Has Elton John’s midas touch with musicals deserted him? After the runaway worldwide success of the film-to-stage version of The Lion King (for which he provided the songs for the original film that were then retained for the stage, augmented with new material from African musician Lebo M), a more modest Broadway success with subsequent Disney project in Aida (still unseen in London) and now the London smash Billy Elliot, he was lining up for another Broadway original working for the first time in the theatre with his long-time pop collaborator Bernie Taupin, Lestat, that has booked Broadway’s Palace Theatre for an April opening.

But whether it will get there now has been called into serious question by the reception the show has received at its San Francisco premiere on January 8. The San Francisco Chronicle theatre critic Roger Hurwitt wrote, “Didactic, disjointed, oddly miscast, confusingly designed and floundering in an almost unrelentingly saccharine score by Elton John, Lestat opened Sunday as the latest ill-conceived Broadway hopeful” to play in the city, after Mambo Kings (that never got to New York) and Lennon (that did, briefly, after San Francisco). He went on to comment that the songs “range from mildly interesting to, for the most part, banal and virtually undistinguishable. Taupin’s lyrics are often woodenly prosaic and rarely advance the story or our understanding of the characters…. John seems to spend most of the evening trying to become Andrew Lloyd Webber at his most vapid and pretentious.”

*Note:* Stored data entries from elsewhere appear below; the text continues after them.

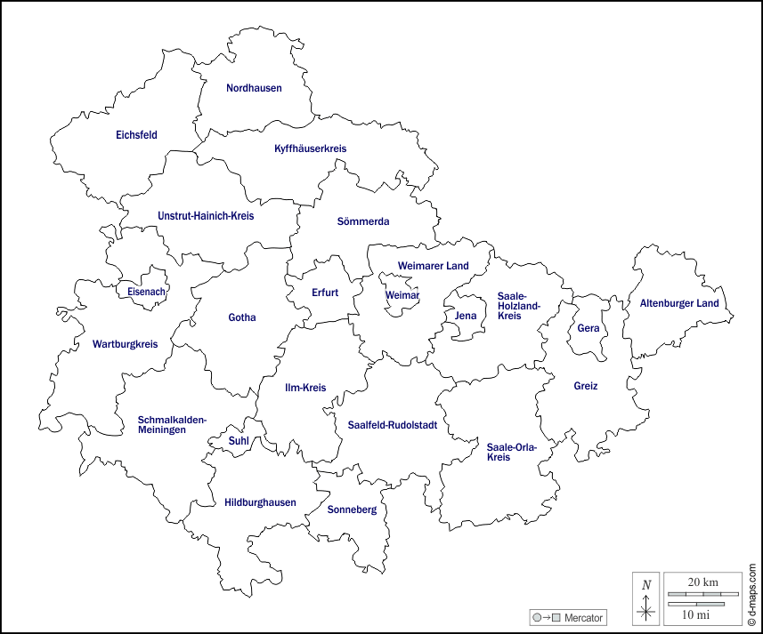 d-maps > यूरोप > जर्मनी > थुरिंगिया का स्वतंत्र राज्य > बाह्यरेखा, जिलों, नाम, सफेद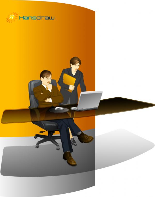 รูปเวกเตอร์พนักงานออฟฟิศ ดีไซน์ออกมาเป็นลักษณะหัวหน้าเป็นผู้ชาย นั่งเก้าอี้กำลังดูพนักงานหญิงนำเสอนงานให้ตรวจสอบ มีอุปกรณ์สำนักงานพร้อมเลยทีเดียว ดูแล้วเหมาะสมกับงานออกแบบที่สื่อถึง พนักงานออฟฟิศ ได้ดีมากครับ ไฟล์เวกเตอร์ Ai นะครับ ใช้โปรแกรม Adobe Illustrator เปิดเท่านั้น.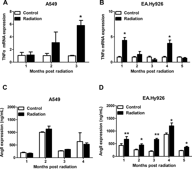 Figure 2: Effects of radiation on TNF-α and Ang II mRNA expression. (A) Significantly higher TNF-α mRNA expression was observed three months after irradiation in A549 cells. (B) TNF-α mRNA levels increased significantly at one and four months after irradiation in EA.Hy926 cells. (C) No significant Ang II mRNA expression changes were observed after radiation exposure in A549 cells. (D) Compared with control cells, Ang II expression increased significantly in EA.Hy926 cells one to four months after radiation exposure. *P < 0.05 compared to the control group; **P < 0.01 compared to the control group.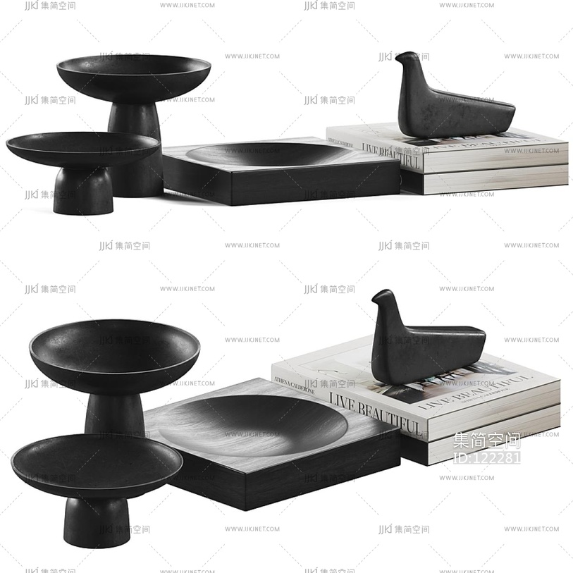 装饰茶几套装,书籍书本,茶几摆件 3d模型下载 [模型ID:122281]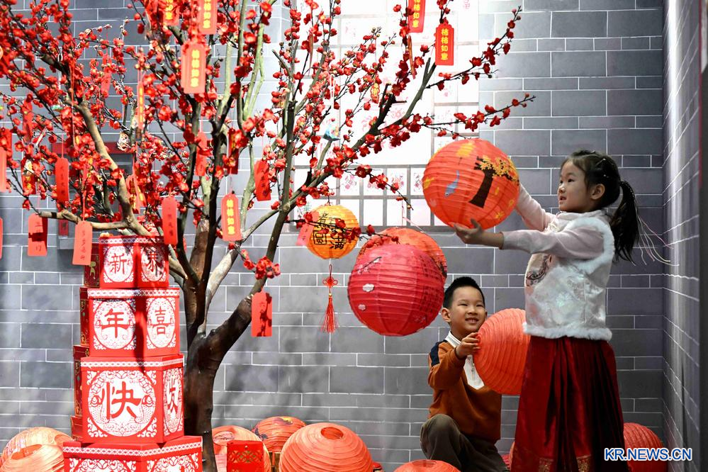16일 허베이성 군중예술관의 새해맞이 민속문화 전시 행사에서 등롱을 걸고 있는 어린이. 2025.1.16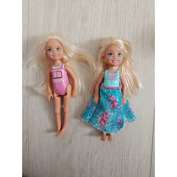 Die türkisfarbene mit Rock ist sehr gut. Der rosa Puppe fehlen die Kleidung u hat leichte Spielspuren.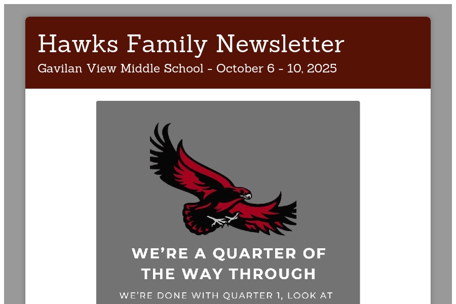 Hawks Family Newsletter Gavilan View Middle School - September 29 - October 3, 2025 Dear Gavilan View Community, Home of the Hawks! . . .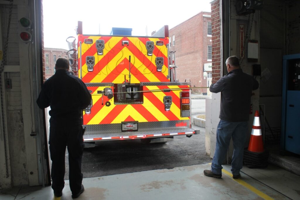Rumford Deputy Fire Chiefs Rob Dixon and Chris Bryant measure the fire station door for clearance for the department’s new pumper/tanker. Lou Marin photo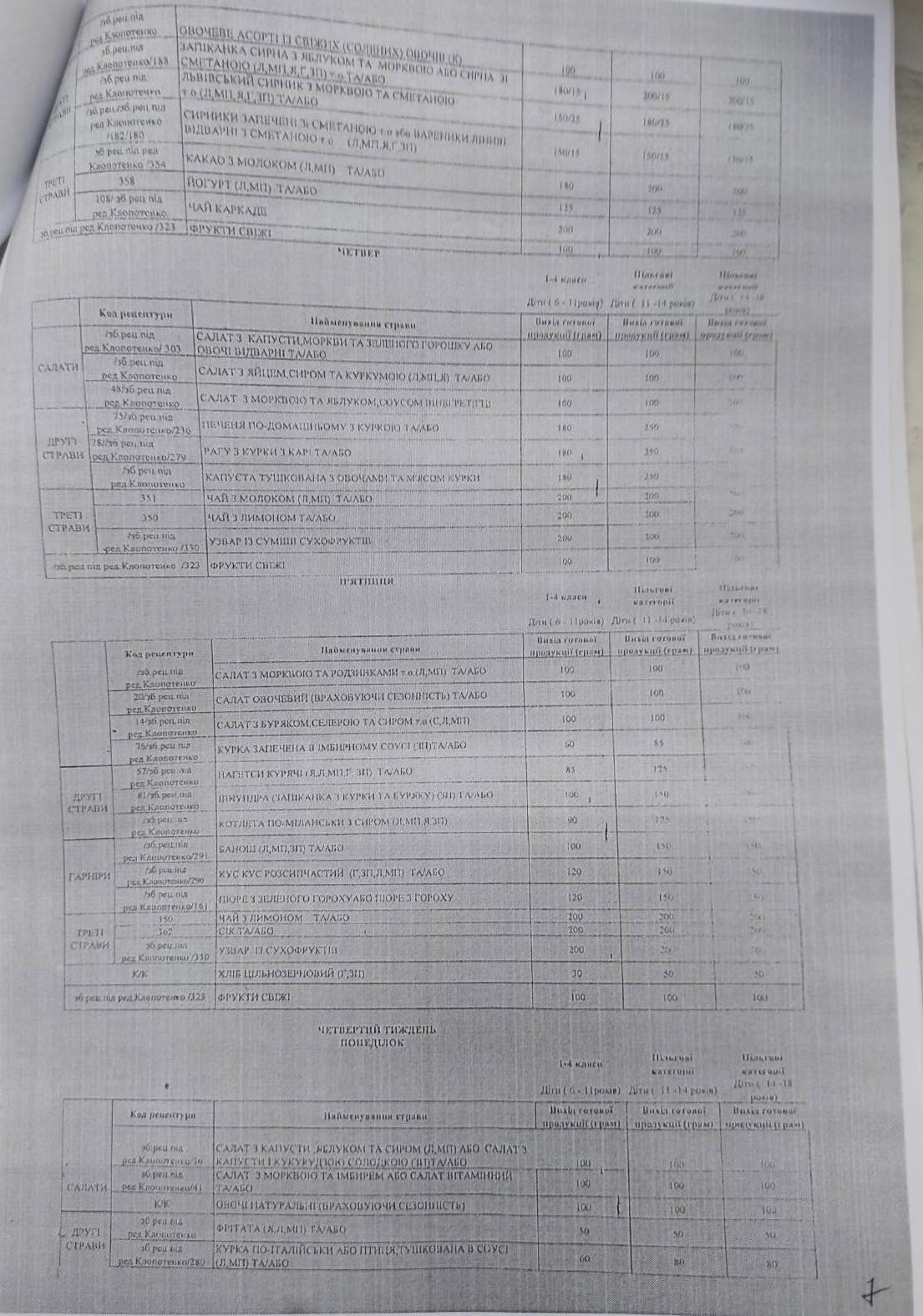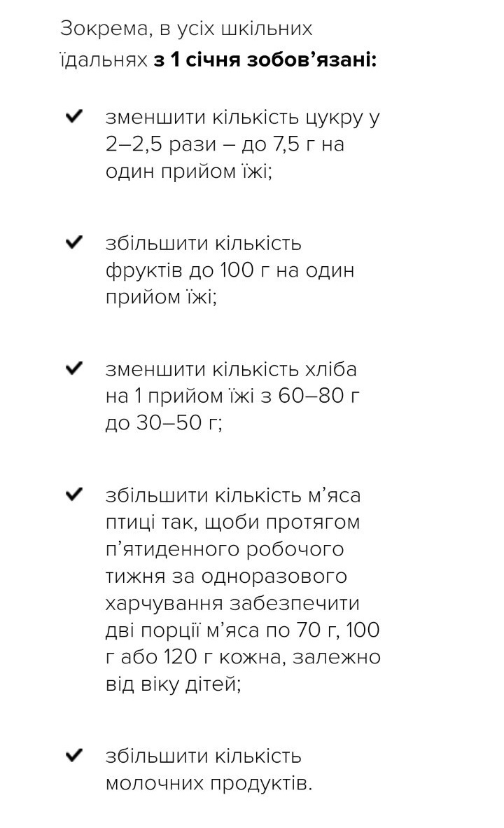 Окрім того, в межах реформи системи харчування з 10 січня запроваджено чотиритижневе меню.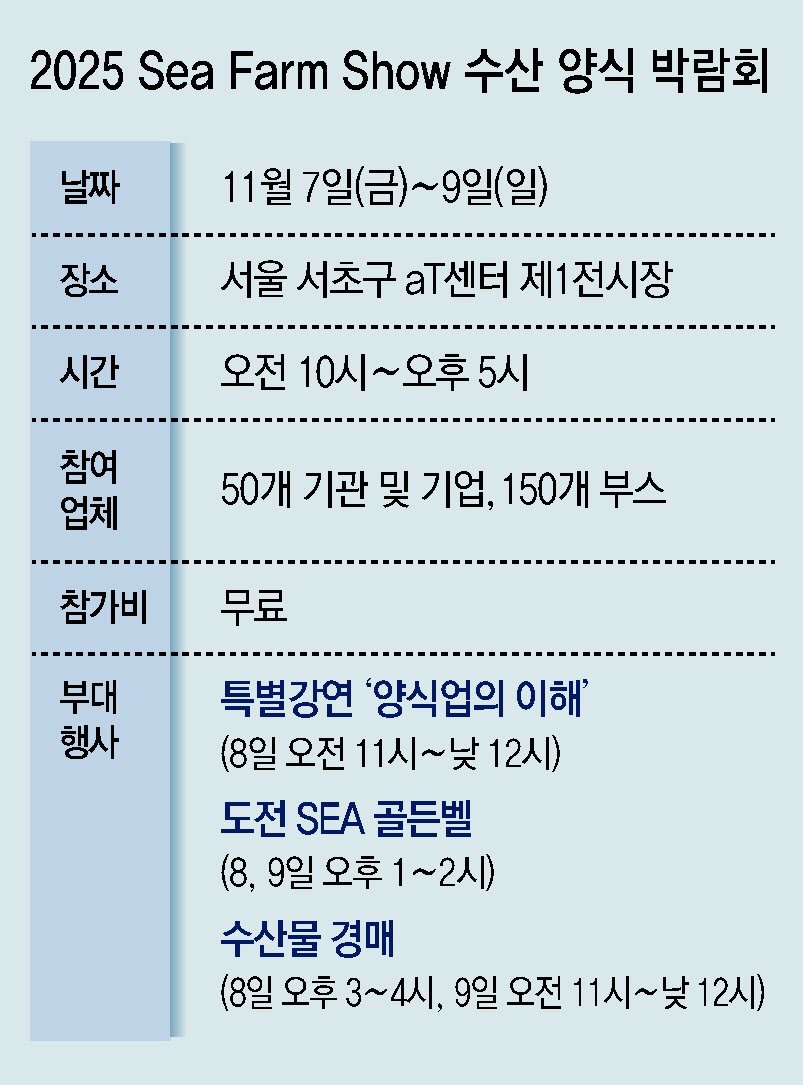 국내 최대 규모의 해양 수산양식 박람회인 ‘2025 Sea Farm Show’가 7일 서울 서초구 aT센터에서 개막했다. 동아일보와 채널A, 해양수산부가 공동으로 주최하는 박람회는 ‘AI와 첨단기술로 여는 스마트 수산양식의 미래’라는 주제로 9일까지 열린다. 지방자치단체와 공공기관, 기업 등은 총 150개 부스를 마련하고 인공지능(AI)을 활용한 스마트 양식 기술을 선보였다. 특히 국내 수산물을 활용한 요리를 소개하고, 체험 행사를 진행하며 방문객들의 만족도를 높였다.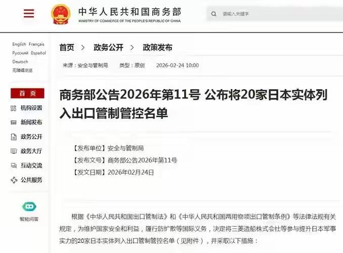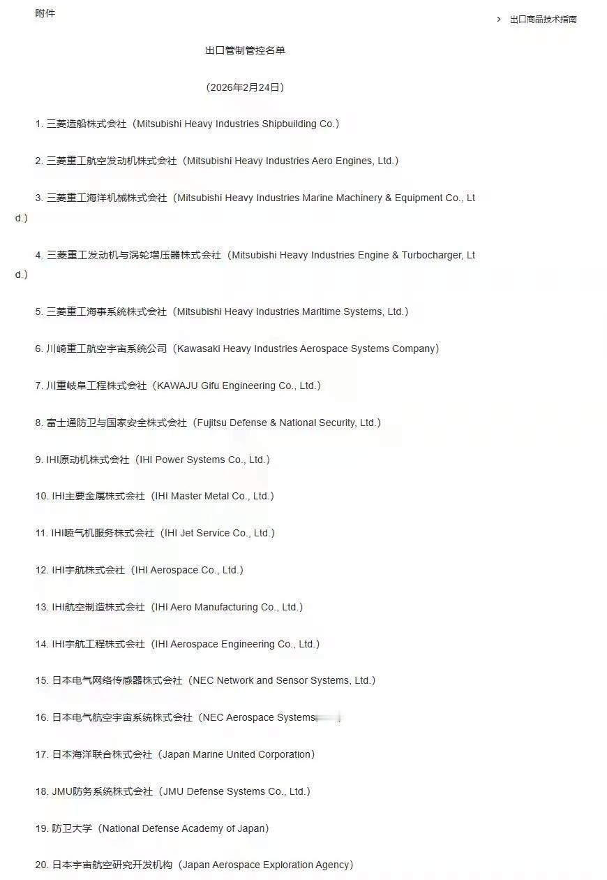 中国重磅制裁日本20家涉军企业,日本想玩“曲线救国”,痴心妄想! 商务部发布公告,将三菱造船株式会社等二十家参与提升日本军事实力的日本实体列入出口管制管控的名单,禁止向这些实体出口两用物项。 这20家企业太不讲究,我们给你稀土,你却帮助发展日本军工,失去信誉,制裁你,两个字“活该”!中国出手管制,就是对军事化动向的明确反制,守住供应链安全底线。 在日本,和军工联系的企业不只这20家,这次就是“杀鸡给猴看”,其它企业要注意了。只要你本着互利共赢,认真做民用,认真做普通经贸,我们都支持。谁敢蹚浑水,惩罚不隔夜! 中方对日实体实施出口管制意味什么 荷兰新内阁如何应对国际挑战 默茨访华有何“深意”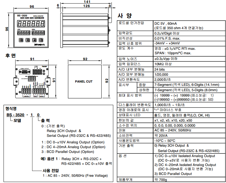 韓國(guó)Bongshin BS-3520稱重儀表技術(shù)指標(biāo)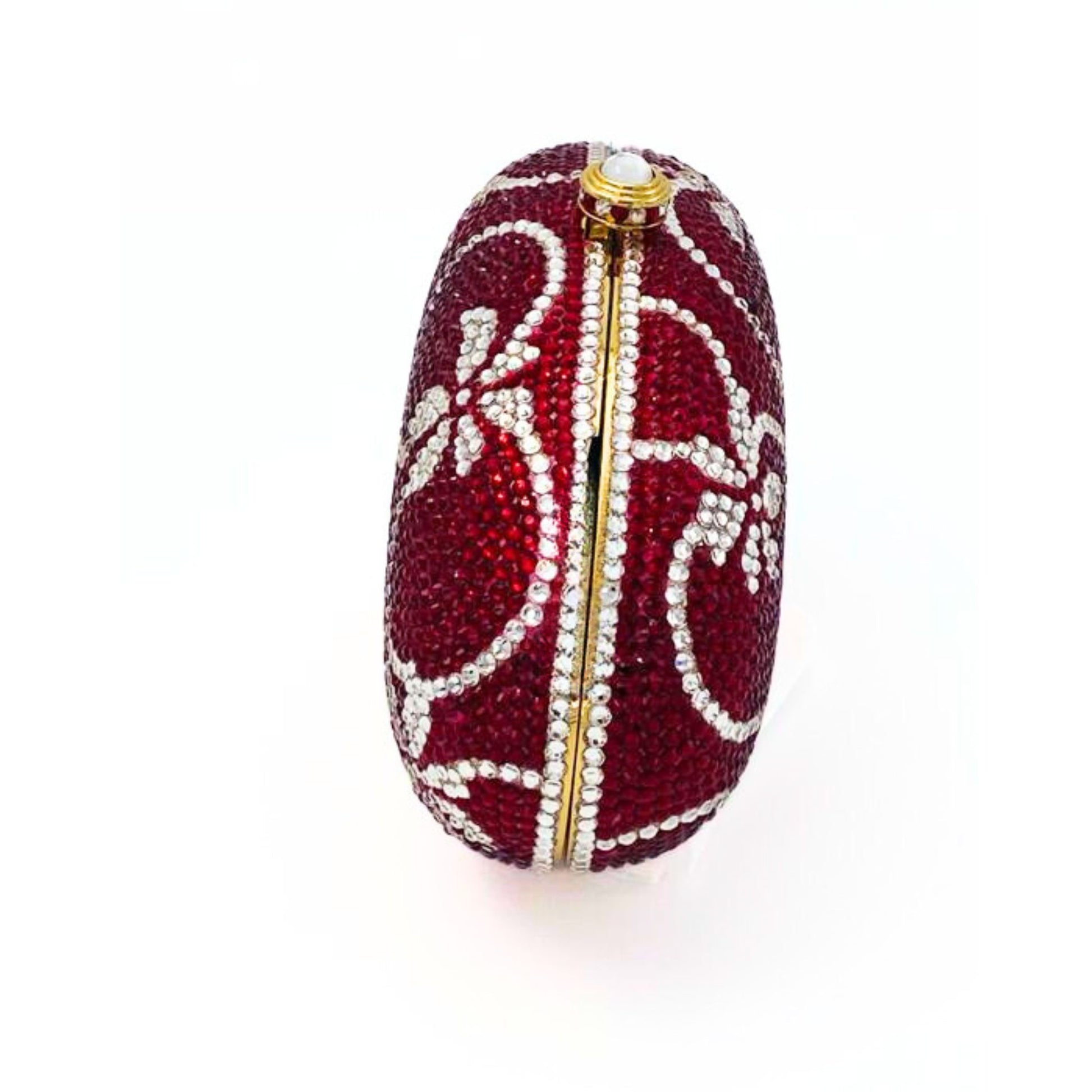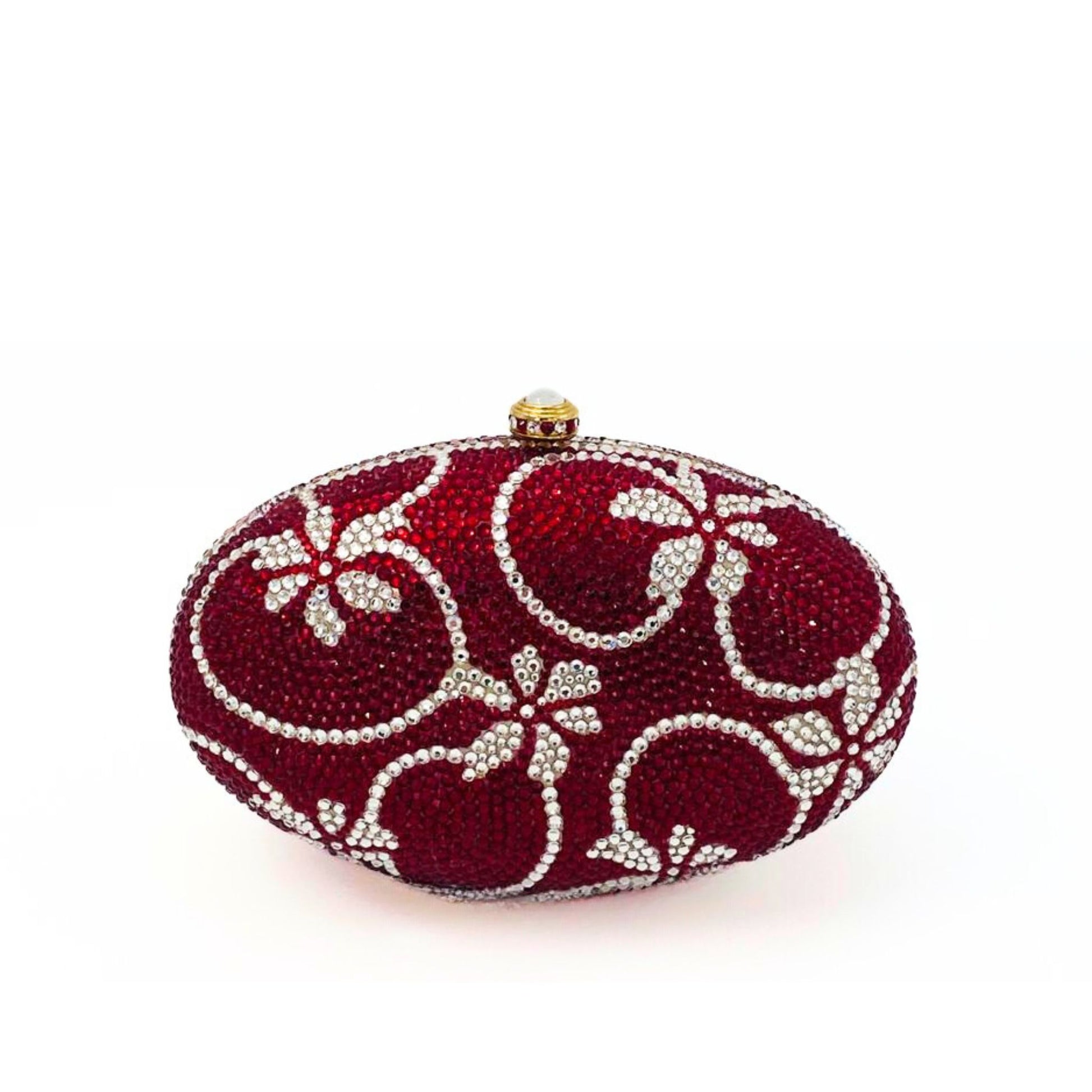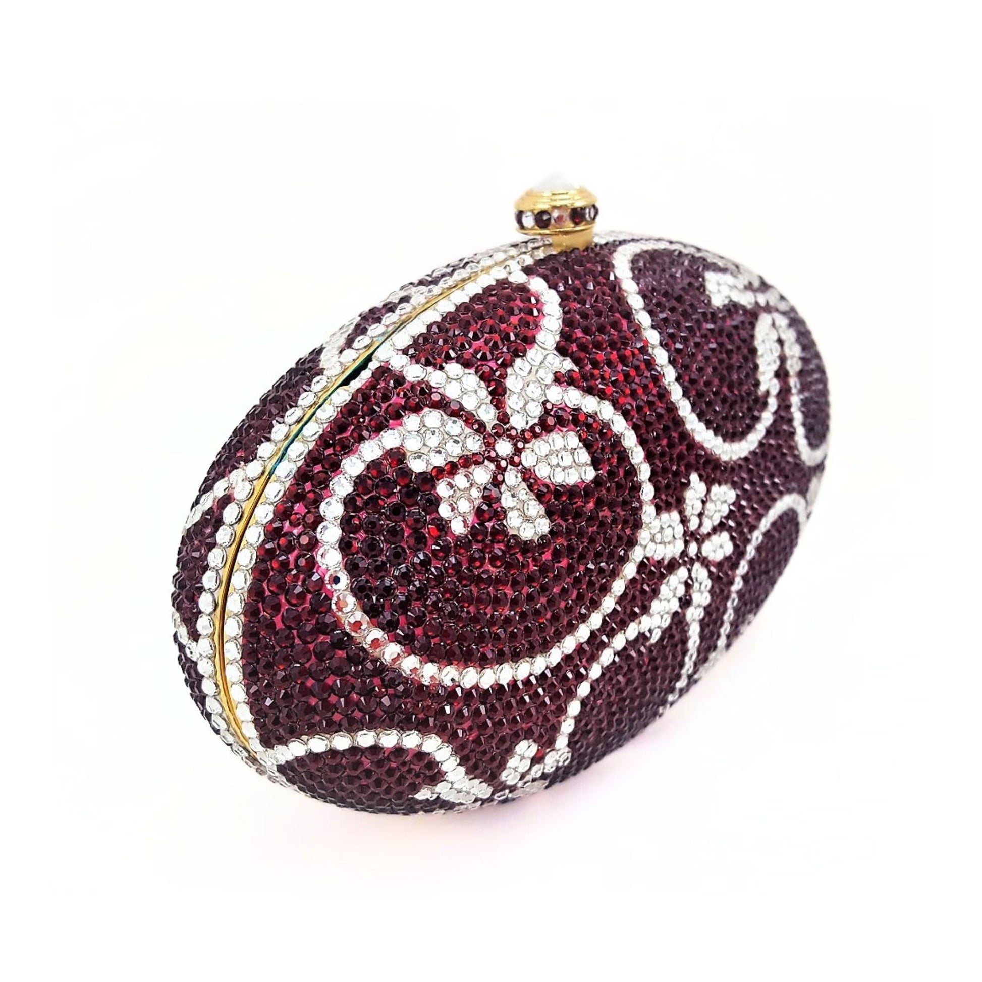 Gold plated brass metal base with beautiful hand-set floral Austrian crystals design allover (Siam & Crystal). Comes with soft metallic Gold PU, and removable flat metal chain for hands-free use.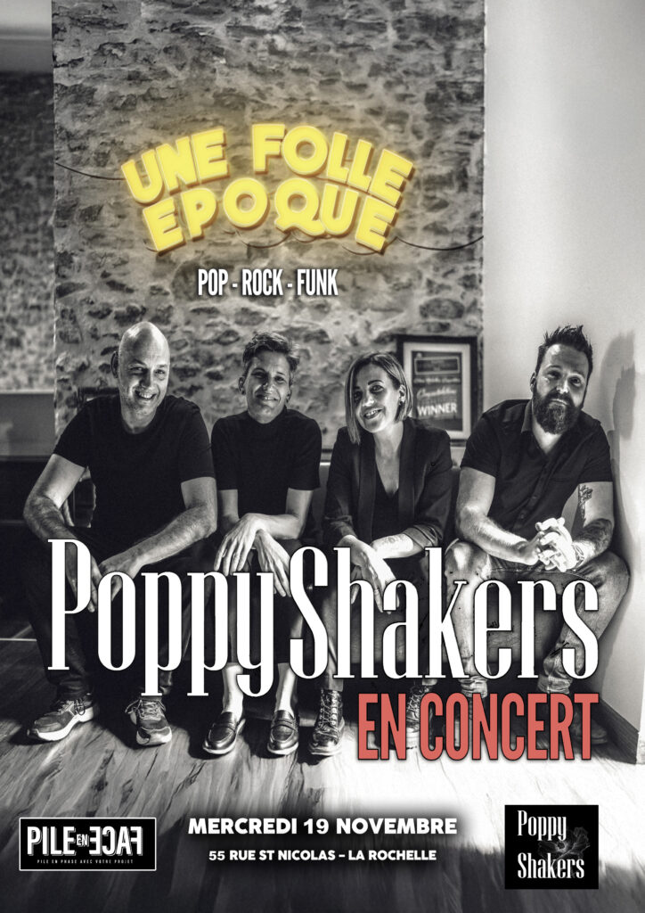 Rejoignez-nous pour une soirée conviviale et festive avec le groupe Poppy Shakers, qui vous ferons voyager à travers des sonorités Pop, Funk et Rock !

Another local review, the Mercury News said “the vampire musical showed few signs of life” and “lacks teeth”, before concluding, “Unless its creators can find a way to infuse more intensity, Lestat may be dead on arrival on Broadway in the spring.” The Contra CostaTimes, meanwhile, declared, “When dealing with vampires, it’s usually best to keep your neck covered and your garlic handy. Lestat proves the exception to the rule. The greatest danger…. is death by boredom.”

Of course, out-of-town try-outs are precisely the sort of place to hear such comments, and re-tool the show, if necessary, for Broadway. Elton John’s own Aida was completely overhauled after a critical mauling in Atlanta, with its then-creative team – including Lestat’s current director Robert Jess Roth, entirely replaced for Broadway.

But Broadway may be particularly nervous of vampire-themed shows after the fast failures there of Dance of the Vampires (that took Michael Crawford back to Broadway for the first time since The Phantom of the Opera but quickly expired; as Broadway columnist Michael Riedel called it yesterday in his New York Post column, it was “a campy fiasco that cost its investors $12 million and Michael Crawford his Broadway career”) and Dracula (“a $10 million bore that drove the final nail in composer Frank Wildhorn’s Broadway coffin”, according to Riedel).

And whether Elton John is (a) available for the kind of re-writes that might be necessary, and (b) would want to run the risk of a Broadway failure at this stage of his new theatre career that has made him one of the most successful of all contemporary writers of musicals is another question. Watch this space.